# Exercise description
Take the lines below from the one with "Sypialnia to miejsce, w którym" through the one with "Written in Love" and retype them exactly. Include nothing else, and no pictures.

# The records
"""

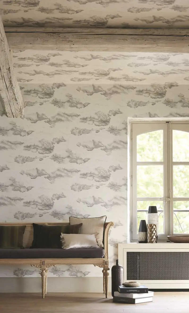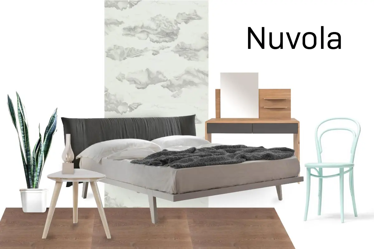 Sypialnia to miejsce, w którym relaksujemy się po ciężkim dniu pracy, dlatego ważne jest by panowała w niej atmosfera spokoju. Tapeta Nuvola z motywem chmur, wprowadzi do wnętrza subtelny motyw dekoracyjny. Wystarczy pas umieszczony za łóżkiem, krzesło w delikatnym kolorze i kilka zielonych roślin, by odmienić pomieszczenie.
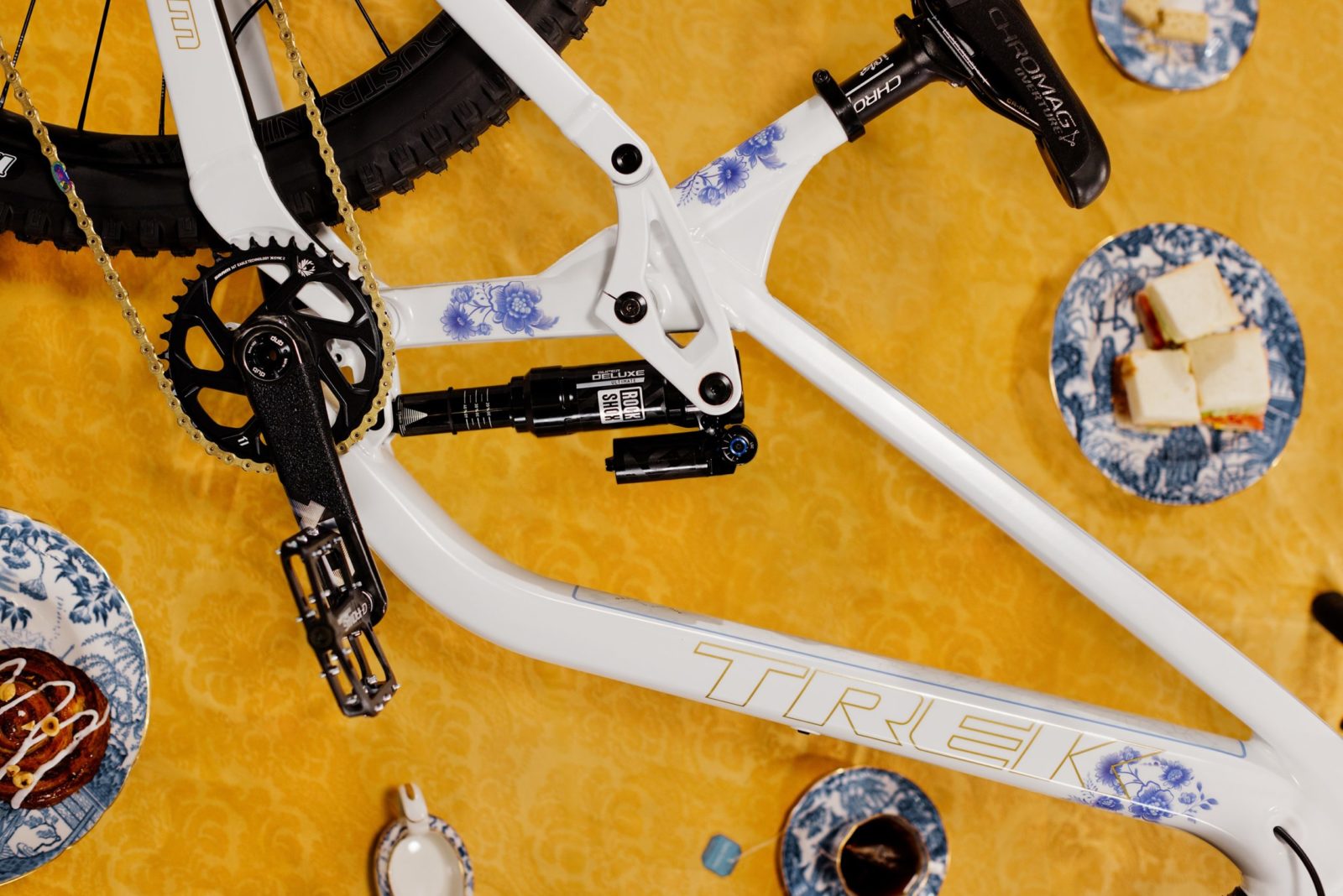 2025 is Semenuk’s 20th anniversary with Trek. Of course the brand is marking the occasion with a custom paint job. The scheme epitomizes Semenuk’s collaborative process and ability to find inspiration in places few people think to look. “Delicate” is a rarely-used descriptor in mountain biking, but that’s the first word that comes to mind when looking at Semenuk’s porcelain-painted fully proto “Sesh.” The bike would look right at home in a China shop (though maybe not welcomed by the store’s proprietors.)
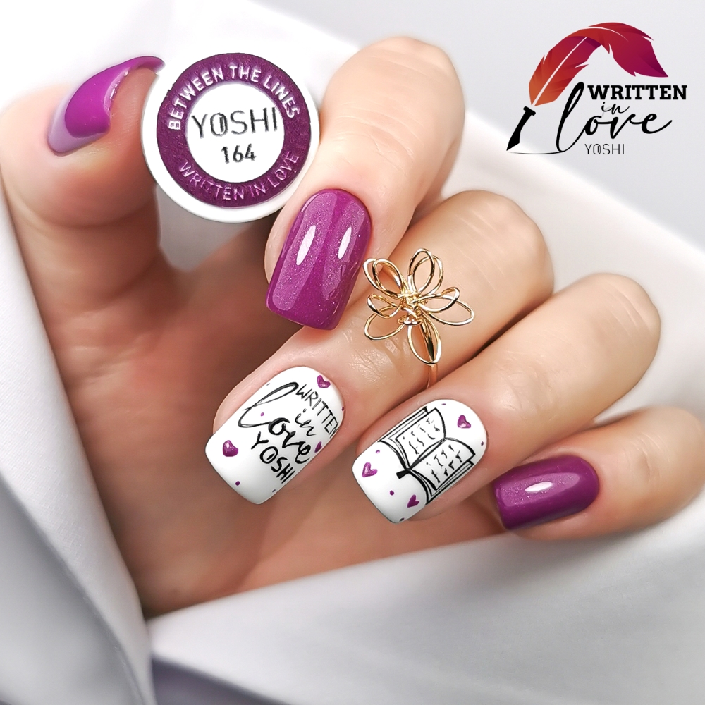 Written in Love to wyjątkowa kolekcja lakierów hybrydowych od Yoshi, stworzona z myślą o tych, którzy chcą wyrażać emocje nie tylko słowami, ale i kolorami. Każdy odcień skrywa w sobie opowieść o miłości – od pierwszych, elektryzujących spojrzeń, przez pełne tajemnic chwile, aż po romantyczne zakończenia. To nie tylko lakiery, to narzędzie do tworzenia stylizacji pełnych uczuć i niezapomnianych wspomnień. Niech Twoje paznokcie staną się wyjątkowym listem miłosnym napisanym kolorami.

"""
"""

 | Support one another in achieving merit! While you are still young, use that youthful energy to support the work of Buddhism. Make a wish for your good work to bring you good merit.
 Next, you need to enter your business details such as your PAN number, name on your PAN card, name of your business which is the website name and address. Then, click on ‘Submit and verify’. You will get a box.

"""

# Written solution
 Sypialnia to miejsce, w którym relaksujemy się po ciężkim dniu pracy, dlatego ważne jest by panowała w niej atmosfera spokoju. Tapeta Nuvola z motywem chmur, wprowadzi do wnętrza subtelny motyw dekoracyjny. Wystarczy pas umieszczony za łóżkiem, krzesło w delikatnym kolorze i kilka zielonych roślin, by odmienić pomieszczenie.
 2025 is Semenuk’s 20th anniversary with Trek. Of course the brand is marking the occasion with a custom paint job. The scheme epitomizes Semenuk’s collaborative process and ability to find inspiration in places few people think to look. “Delicate” is a rarely-used descriptor in mountain biking, but that’s the first word that comes to mind when looking at Semenuk’s porcelain-painted fully proto “Sesh.” The bike would look right at home in a China shop (though maybe not welcomed by the store’s proprietors.)
 Written in Love to wyjątkowa kolekcja lakierów hybrydowych od Yoshi, stworzona z myślą o tych, którzy chcą wyrażać emocje nie tylko słowami, ale i kolorami. Każdy odcień skrywa w sobie opowieść o miłości – od pierwszych, elektryzujących spojrzeń, przez pełne tajemnic chwile, aż po romantyczne zakończenia. To nie tylko lakiery, to narzędzie do tworzenia stylizacji pełnych uczuć i niezapomnianych wspomnień. Niech Twoje paznokcie staną się wyjątkowym listem miłosnym napisanym kolorami.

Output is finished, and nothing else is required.